BEGIN
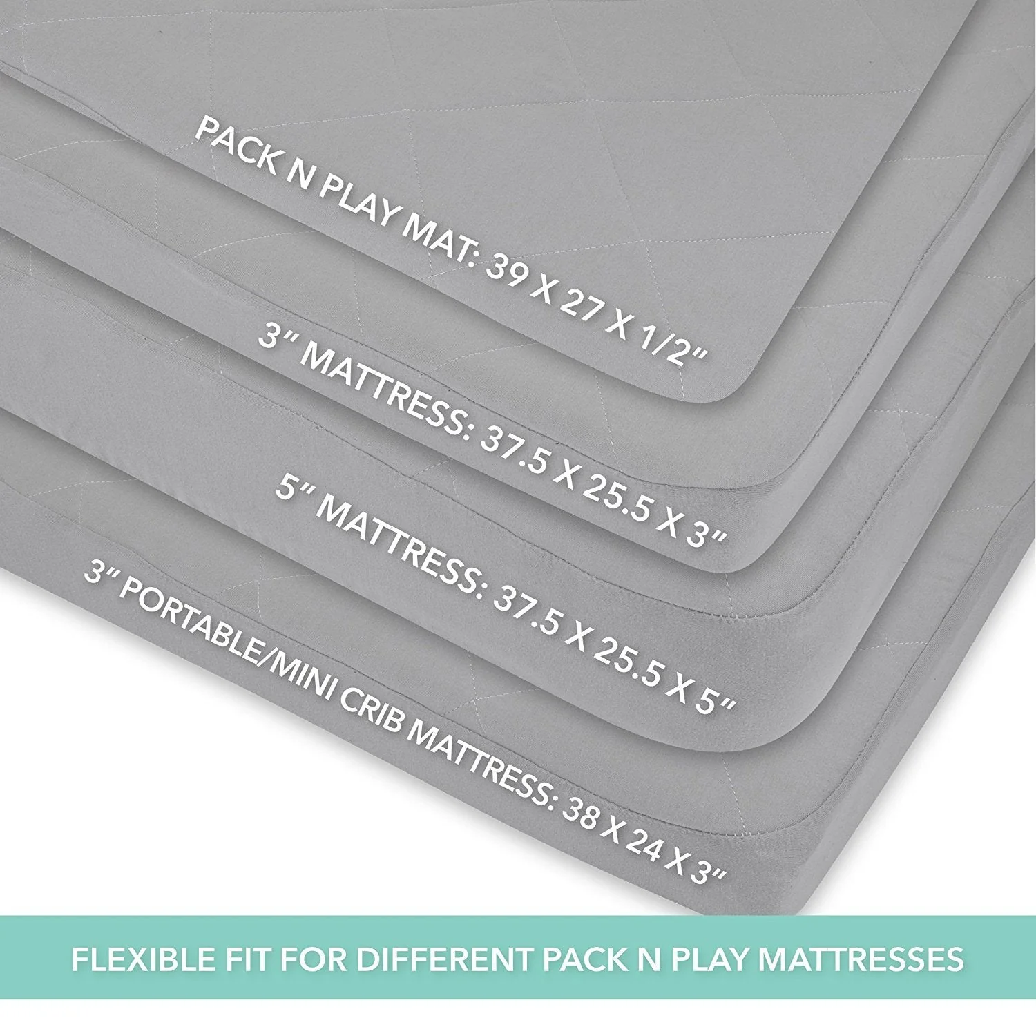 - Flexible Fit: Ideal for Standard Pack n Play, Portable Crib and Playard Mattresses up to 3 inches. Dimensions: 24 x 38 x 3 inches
END
BEGIN
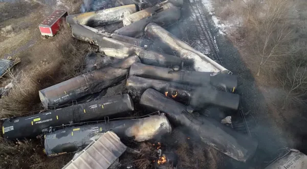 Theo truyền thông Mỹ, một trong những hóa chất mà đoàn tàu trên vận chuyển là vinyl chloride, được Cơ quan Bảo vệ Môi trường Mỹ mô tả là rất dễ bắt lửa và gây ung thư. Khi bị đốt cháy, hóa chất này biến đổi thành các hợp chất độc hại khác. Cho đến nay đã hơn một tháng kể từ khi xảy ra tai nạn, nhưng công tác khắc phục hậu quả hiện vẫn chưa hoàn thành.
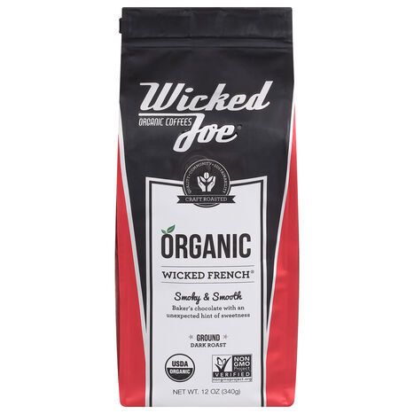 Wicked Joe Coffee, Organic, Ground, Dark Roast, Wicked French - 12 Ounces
END
BEGIN
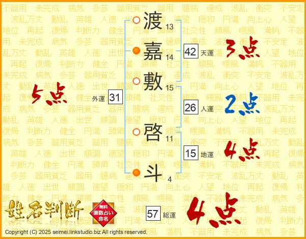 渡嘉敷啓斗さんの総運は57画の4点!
END
## How to complete this task:
Once the line with "Theo truyền thông" is found above, print it and every line after it through the line with "Wicked Joe Coffee, Organic, Ground, Dark", exactly. Pictures stay out.

## Exercise answer:
 Theo truyền thông Mỹ, một trong những hóa chất mà đoàn tàu trên vận chuyển là vinyl chloride, được Cơ quan Bảo vệ Môi trường Mỹ mô tả là rất dễ bắt lửa và gây ung thư. Khi bị đốt cháy, hóa chất này biến đổi thành các hợp chất độc hại khác. Cho đến nay đã hơn một tháng kể từ khi xảy ra tai nạn, nhưng công tác khắc phục hậu quả hiện vẫn chưa hoàn thành.
 Wicked Joe Coffee, Organic, Ground, Dark Roast, Wicked French - 12 Ounces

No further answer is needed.